Oh Manga Studio - I'm sure you're great, but intuitive? Not so much.
Pretty sure I'm supposed to be learning how to use that anyway... Hm.

Saturday, 23 October 2010

everything I touch is food for my hunger - my hunger for power


Just a wee break from Fallout: New Vegas (it is the weekend, after all) to take Manga Studio's line tools for a spin. Not quite there yet, but the perspective grid thingy sounds like fun whenever I finally get to it.

Friday, 23 July 2010

While you were gone the Globetrotters held a press conference informing everyone that I was a jive sucker.


Manga Studio fiddling continues apace as I pull a move from an actual manga studio like what they have in Japan and start making myself a library of backgrounds and whatnot for basic gag strips or whatever.

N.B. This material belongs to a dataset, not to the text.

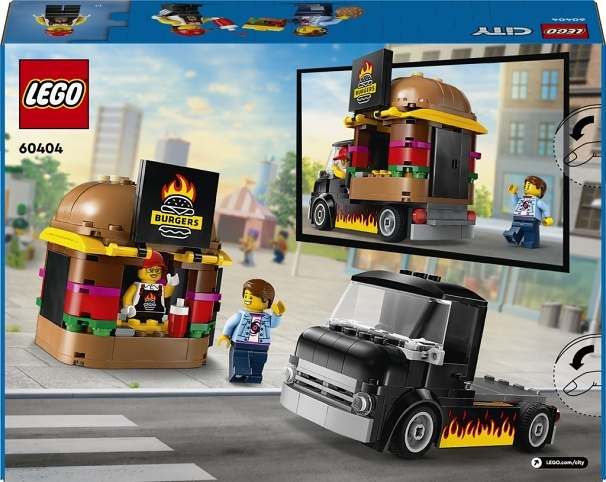 • Stavebnice jídelního trucku – Se sadou LEGO® City Hamburgerový truck pro děti od 5 let je servírování fast foodu přímo hračka• Co najdete v krabici? – Součástí je vše, co děti potřebují k sestavení modelu hamburgerového trucku, minifigurka prodejce a zákazníka s naslouchátkem a řada doplňků LEGO® v podobě omáček a dochucovadel• Stavebnice pro děti s bohatou fantazií – Zvedněte dvířka a odhalte ceduli s hamburgerem grilovaným na ohni. Odejměte střechu a pusťte se do servírování jídla• Poutavá stavebnice s interaktivním návodem – Objevte intuitivní aplikaci LEGO® Builder, která dětem umožní přibližovat a otáčet modely ve 3D, sledovat postup stavění a prozkoumávat a ukládat virtuální stavebnice• Zábavný dárek k jakékoli příležitosti – Tato stavebnice představuje skvělý dárek k Vánocům nebo jakékoli jiné příležitosti pro děti od 5 let• Svět nápaditého hraní – Spojte tuto stavebnici s ostatními modely z řady LEGO® City (prodávají se samostatně) a zažijte ještě více zábavných dobrodružství• Město nekonečných možností – LEGO® City je místo, kde děti mohou tvořit budovy, vozidla a postavičky bez omezení a kde se mohou těšit na hodiny stavění, objevování a hraní• Rozměry – Hamburgerový truck se skládá ze 194 dílků a se zvednutou cedulí měří přes 10 cm na výšku, 12 cm na délku a 7 cm na šířku
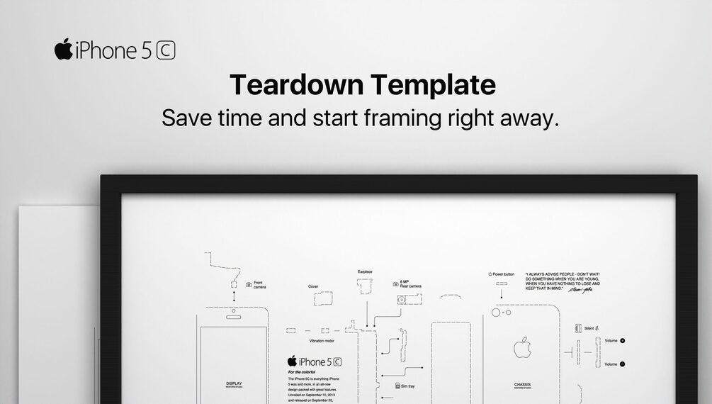 iPhone 5C Teardown Templates for framing your device - Giving new life to old tech.

Still not entirely sold on MS, but then I wasn't sold on Photoshop either and now can't draw a straight line without the bloody thing.
I think my main issue is finding the right balance of line weight and stroke correction so it comes out how I want rather than relying on serendipity, as I can't actually tell what I'm doing around actual pixel size and for the most part just try to make blobs roughly the right shape.
Also, it's Friday night and I miss the booze.


Watching:
four films called Sahara from 1943, 1983, 1995 and 2005 respectively. Why? Because they're there, really, though nobody needs a reason to watch a Humphrey Bogart movie.
Batman: Under the Red Hood, which seems to mistake 'brooding' and 'moping' - quite an unfortunate mix-up for a film about Batman, as you can imagine. He spends long minutes moping and having heartfelt conversations with Alfred about his feelings rather than punching people in the head. This is - as far as I'm aware - Jason Todd's first appearance in a medium other than comic books and as such his death and resurrection seem a contrivance for the purposes of the movie and its heartfelt conversations about the Dark Knight's feelings and stuff rather than a story that might once have held a lot of cache because Jason Todd - alongside Bucky - was one of those rare characters who stayed dead (until someone brought him back). This being his first appearance outside funnybooks, there's no resonance to Todd's death as there was in that medium and I suppose that could be what all the moping is supposed to be about, but it still doesn't change that there's no sense of gravitas or import, it's a story about someone Batman thought was dead that could have been told a dozen times already across several iterations of tv show and straight-to-video movies and wouldn't have been especially interesting there, either. It's not a terrible film, just unexceptional, though John "Bender" DiMaggio is a terrible Joker, which is an opinion I certainly wouldn't have expected to hold given the toss I've paid attention to once I realise Bender is in it. I'm also pretty sure they're going a little too far out of their way to paint Nightwing as a homosexual, which is fine if you're going to go ahead and actually make a character a homosexual man - but if you pussyfoot around it to the point you create an equivalence between effeminate/gay and 'funny'(abnormal), you're not helping the case for diversity much, you're just reinforcing stereotypes.

Tuesday, 4 May 2010


I kind of hate Manga Studio.

Why does the brush tool pick random settings every time I switch to a different layer? Why can't I actually use the colour I pick from the swatches and instead get some random mix of texture brush and halftone fill? Why does it not actually make any mark at all on the canvas except when it inexplicably does make a mark?
I realise I've spent a grand total of (checks the run time of the latest House episode) 43 minutes and 6 seconds in it, but I've been using Photoshop for years now and I'd like to think - even in the face of Adobe's own inability to universalise tools and settings across two industry-standard programs they themselves create - that some stuff should be standardised rather than necessitating chasing down some particular setting or option every time you attempt to do the exact same thing you've been doing except on a different layer.
It's not an intuitive setup. I'm sure professionals and people with training in the use of such programs will disagree, but for me, plain Joe arsehole who just wants to draw a line on a page, it's utterly baffling from the ten minutes spent just trying to open a fucking file, through the random brush settings, to the fact that I have no idea how to export the file from the program in a usable form without layers inexplicably disappearing - which is just mental.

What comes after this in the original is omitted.